2011
2011 yılında “güvenli nükleer santral” söylemi, dünyanın en sağlamcı ülkelerinden Japonya’da yaşanan Fukuşima felaketinin ardından görkemli bir çöküş yaşayacaktı.
Ta ki “nükleere dönüş” çabaları, Rusya’nın Ukrayna’yı işgaliyle fosil yakıt bağımlılığından kurtulma arayışıyla hortlayana kadar.
Türkiye o sıralar Sinop’ta kurulacak ikinci nükleer santral için şirket arayışındaydı.
Ancak Rusya ile yakınlaşmayı akamete uğratacak dalga, Kuzey Afrika’da yükseliyordu. Manav Buazizi’nin kendini yakmasıyla başlayan ve Tunus’tan Mısır, Cezayir ve Suriye’ye sıçrayacak Arap Baharı, Ortadoğu’nun otoriter rejimlerini arka arkaya salladı.
Türkiye için sonuçların neler olabileceği tartışması, daha o günlerde başlamıştı.

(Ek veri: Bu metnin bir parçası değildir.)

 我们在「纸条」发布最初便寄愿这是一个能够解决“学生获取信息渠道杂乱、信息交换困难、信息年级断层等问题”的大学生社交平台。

Suriyeli mülteciler için ilk kamplar o yıl Hatay’da kuruldu. Türkiye sınırında, Avrupa’yı yüzyılın en büyük demokrasi sınavlarından birine sokacak bir savaş başlamıştı.

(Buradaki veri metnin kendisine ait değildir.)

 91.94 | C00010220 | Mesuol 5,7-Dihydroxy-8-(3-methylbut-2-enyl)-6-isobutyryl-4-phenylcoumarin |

Heinrich Böll Stiftung Türkiye önce bir konferans, ardından Perspectives Türkiye dergisinin ilk sayısıyla birlikte bu bölgesel dönüşüme ve etkilerine odaklanmaya başlamıştı. Kurumun üçüncü ayağı dış politika ve güvenliğin odağı, çok geçmeden Avrupa’dan Ortadoğu’ya kayacak ve göçe odaklanacaktı.
1 – Tunuslu seyyar satıcı Muhammed Buazizi 17 Aralık 2010'da kendisini yakmış, Tunus'tan başlayarak hızla yayılan bir isyan dalgası başlatmıştı. Bu dalganın otoriter rejimleri devirip demokrasiyle taçlanması umudu, sonraki yıllarda boşa çıktı. Aslında beklentiler daha o günlerde bile düşüktü. Arap Baharı'nın Türkiye ve bölge açısından olası sonuçlarını tartışmıştık. 2 – Önceki yıl çalındığı anlaşılan KPSS sorularının ardından Gülencilerin devlet içindeki kadrolaşma iddialarını araştıran ve dile getiren gazeteci Ahmet Şık ve Nedim Şener tutuklandılar. Türkiye ifade ve basın hürriyetinde son yıllarda aldığı mesafeden hızla, koşarak geri dönüyordu. 3 – Hopa'da Metin Lokumcu'nun ölümüyle sonuçlanan polis şiddetini protesto ederken kalçası kırılan Dilşat Aktaş hakkında dönemin başbakanı Recep Tayyip Erdoğan, "kadın mıdır kız mıdır bilemem" demişti. 4 – Çözüm sürecinin tohumlarının atıldığı ilk yıllarda takıldığı ilk tümsek: İki rakip siyasi gücün çekişmesi… 5 – Türkiye'de dijital alanın regülasyonu sansürle başlamıştı. İnternet aktivistleri, Linuxçular ve sivil özgürlüklerden yana olanlar o gün Taksim'de bir araya geldiler.